• [Task requirements]: Reproduce the listing in full, exactly as written, but without images.

• [Raw data]:

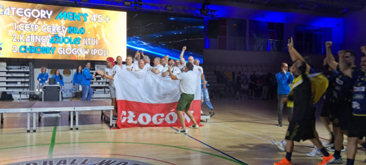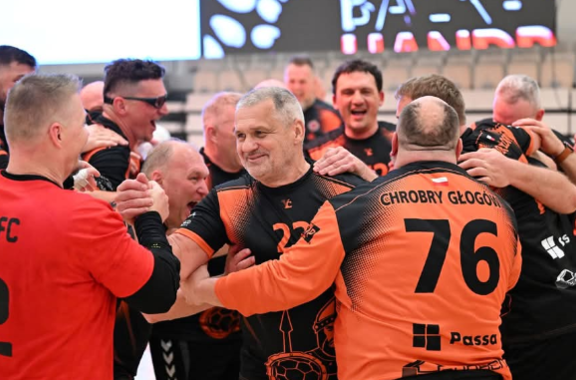 "Spełniliśmy marzenia" Występujący pod szyldem Chrobrego oldboje piłki ręcznej – Handball Masters z medalem mistrzostw świata, które odbyły się w Chorwacji! Teraz dzielą się z nami tą medalową przygodą, więc nie pozostaje nam nic innego, jak zachęcić do lektury. 27-05-2025 12:43 autor: ŁJ W zeszłym roku zakończyliśmy Puchar Świata na 4 miejscu, przegrywając brąz w rzutach karnych. Tym razem chcieliśmy zrobić wszystko, żeby wrócić do Głogowa z medalami na szyi. Do Chorwacji wyruszyliśmy w bojowych nastrojach. Pierwszy cel do wykonania: awans z grupy. Pokonaliśmy zespoły ze Słowacji i Węgier. Minimalnie ulegliśmy mocnej fizycznie drużynie z Litwy i z drugiego miejsca awansowaliśmy do strefy medalowej. W półfinale czekali na nas Canarinhos. Stoczyliśmy z Brazylijczykami bardzo wyrównany bój. W regulaminowym czasie był remis. Niestety to przeciwnik zachował więcej sił, wygrał w karnych i awansował do finału. Klątwa siódemek? Oby nie. Przed nami mecz o trzecie miejsce z ostro grającymi Czechami. Twardy męski Handball, sporo kar, kłótnie z sędziami. Normalka w handballu 😊 Na szczęście pokazaliśmy jakość i ostatecznie brązowe medale zawisły na naszych szyjach. Spełniliśmy marzenia. Grzesiek Piotrowski jak za dawnych dobrych lat wielokrotnie dziurawił siatkę przeciwników i otrzymał tytuł najlepszego strzelca kategorii 45 +. Brawo Grzegorz ! Po raz kolejny wzięliśmy udział, nie ma co ukrywać – w święcie piłki ręcznej. Grubo ponad 1000 osób z całego świata, prawie ze wszystkich kontynentów. Dużo twardej walki, jeszcze więcej uśmiechu i radości z przebywania w gronie ludzi kochających sport. Głogów pokazał się z bardzo dobrej strony. Możemy być z siebie dumni. I nie ukrywamy – apetyty mamy większe niż brąz. Zatem do pracy panowie 😊 Skład drużyny: Bramkarze: Przemek Pitoń, Jacek Głów Zawodnicy z pola: Marcin Gośko, Mariusz Witczak, Grzegorz Badecki, Sebastian Szymański, Dominik Jastrzębski, Marcin Krotla, Tomasz Kalinowski, Rafał Walczak, Grzegorz Piotrowski, Łukasz Darowski, Marcin Burda, Krzysztof Przybysz, Marek Becelewski, Andrzej Sowa. Trenerzy: Marek Wojciechowski, Józef Kaminiarz (trenerze zbieraj siły i następnym razem widzimy się w Chorwacji) Łukasz Darowski
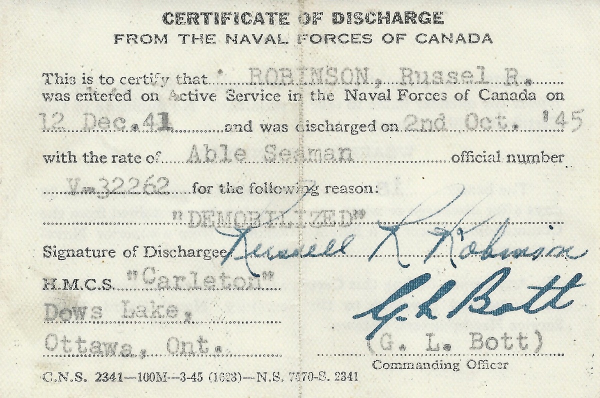 Ships served in: HMCS CARLETON - Commenced Active Service 12 Dec 1941 HMCS CARLETON - Demobilized 02 Oct 1945
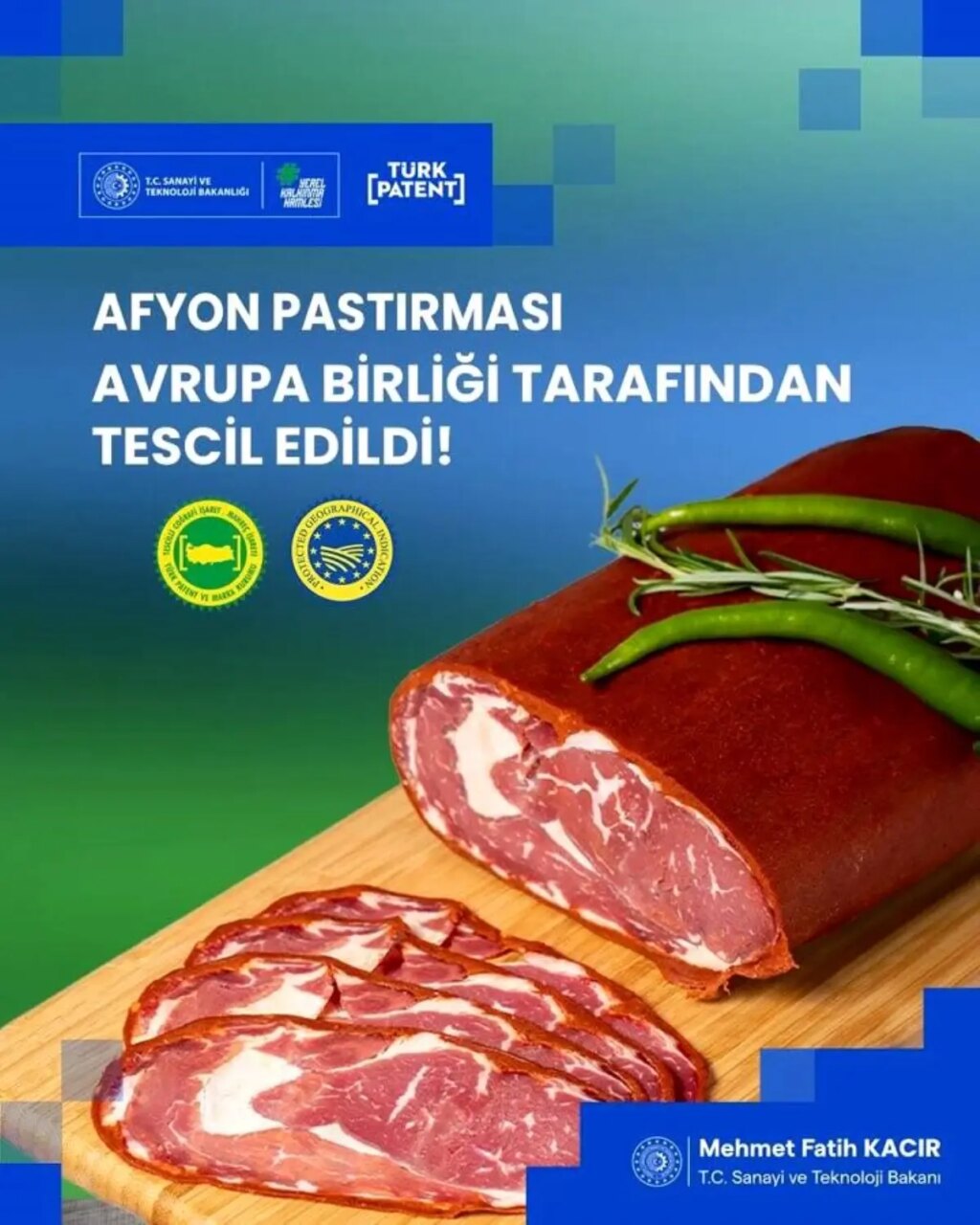 Sanayi ve Teknoloji Bakanı Mehmet Fatih Kacır, “Uluslararası coğrafik işaret tescillerimize bir yenisini ekledik. Afyon Pastırması, Avrupa Birliği’nde tescillenen 34’üncü coğrafik işaretli eserimiz oldu” dedi.
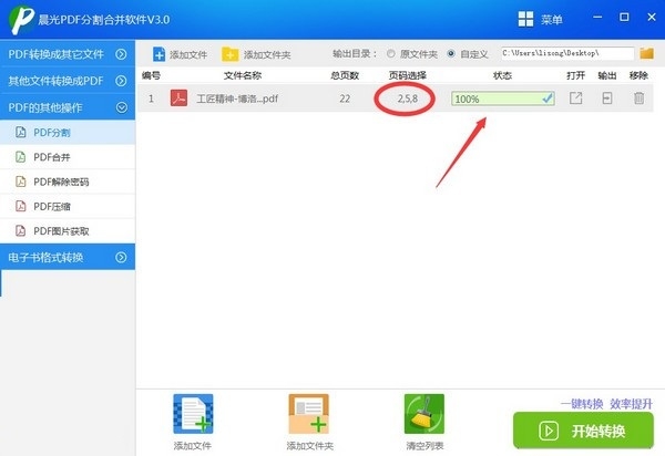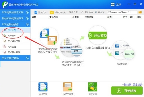 1.晨光PDF分割合并软件最新版支持自定义转换页面范围。

• [Response area]:
 "Spełniliśmy marzenia" Występujący pod szyldem Chrobrego oldboje piłki ręcznej – Handball Masters z medalem mistrzostw świata, które odbyły się w Chorwacji! Teraz dzielą się z nami tą medalową przygodą, więc nie pozostaje nam nic innego, jak zachęcić do lektury. 27-05-2025 12:43 autor: ŁJ W zeszłym roku zakończyliśmy Puchar Świata na 4 miejscu, przegrywając brąz w rzutach karnych. Tym razem chcieliśmy zrobić wszystko, żeby wrócić do Głogowa z medalami na szyi. Do Chorwacji wyruszyliśmy w bojowych nastrojach. Pierwszy cel do wykonania: awans z grupy. Pokonaliśmy zespoły ze Słowacji i Węgier. Minimalnie ulegliśmy mocnej fizycznie drużynie z Litwy i z drugiego miejsca awansowaliśmy do strefy medalowej. W półfinale czekali na nas Canarinhos. Stoczyliśmy z Brazylijczykami bardzo wyrównany bój. W regulaminowym czasie był remis. Niestety to przeciwnik zachował więcej sił, wygrał w karnych i awansował do finału. Klątwa siódemek? Oby nie. Przed nami mecz o trzecie miejsce z ostro grającymi Czechami. Twardy męski Handball, sporo kar, kłótnie z sędziami. Normalka w handballu 😊 Na szczęście pokazaliśmy jakość i ostatecznie brązowe medale zawisły na naszych szyjach. Spełniliśmy marzenia. Grzesiek Piotrowski jak za dawnych dobrych lat wielokrotnie dziurawił siatkę przeciwników i otrzymał tytuł najlepszego strzelca kategorii 45 +. Brawo Grzegorz ! Po raz kolejny wzięliśmy udział, nie ma co ukrywać – w święcie piłki ręcznej. Grubo ponad 1000 osób z całego świata, prawie ze wszystkich kontynentów. Dużo twardej walki, jeszcze więcej uśmiechu i radości z przebywania w gronie ludzi kochających sport. Głogów pokazał się z bardzo dobrej strony. Możemy być z siebie dumni. I nie ukrywamy – apetyty mamy większe niż brąz. Zatem do pracy panowie 😊 Skład drużyny: Bramkarze: Przemek Pitoń, Jacek Głów Zawodnicy z pola: Marcin Gośko, Mariusz Witczak, Grzegorz Badecki, Sebastian Szymański, Dominik Jastrzębski, Marcin Krotla, Tomasz Kalinowski, Rafał Walczak, Grzegorz Piotrowski, Łukasz Darowski, Marcin Burda, Krzysztof Przybysz, Marek Becelewski, Andrzej Sowa. Trenerzy: Marek Wojciechowski, Józef Kaminiarz (trenerze zbieraj siły i następnym razem widzimy się w Chorwacji) Łukasz Darowski
 Ships served in: HMCS CARLETON - Commenced Active Service 12 Dec 1941 HMCS CARLETON - Demobilized 02 Oct 1945
 Sanayi ve Teknoloji Bakanı Mehmet Fatih Kacır, “Uluslararası coğrafik işaret tescillerimize bir yenisini ekledik. Afyon Pastırması, Avrupa Birliği’nde tescillenen 34’üncü coğrafik işaretli eserimiz oldu” dedi.
 1.晨光PDF分割合并软件最新版支持自定义转换页面范围。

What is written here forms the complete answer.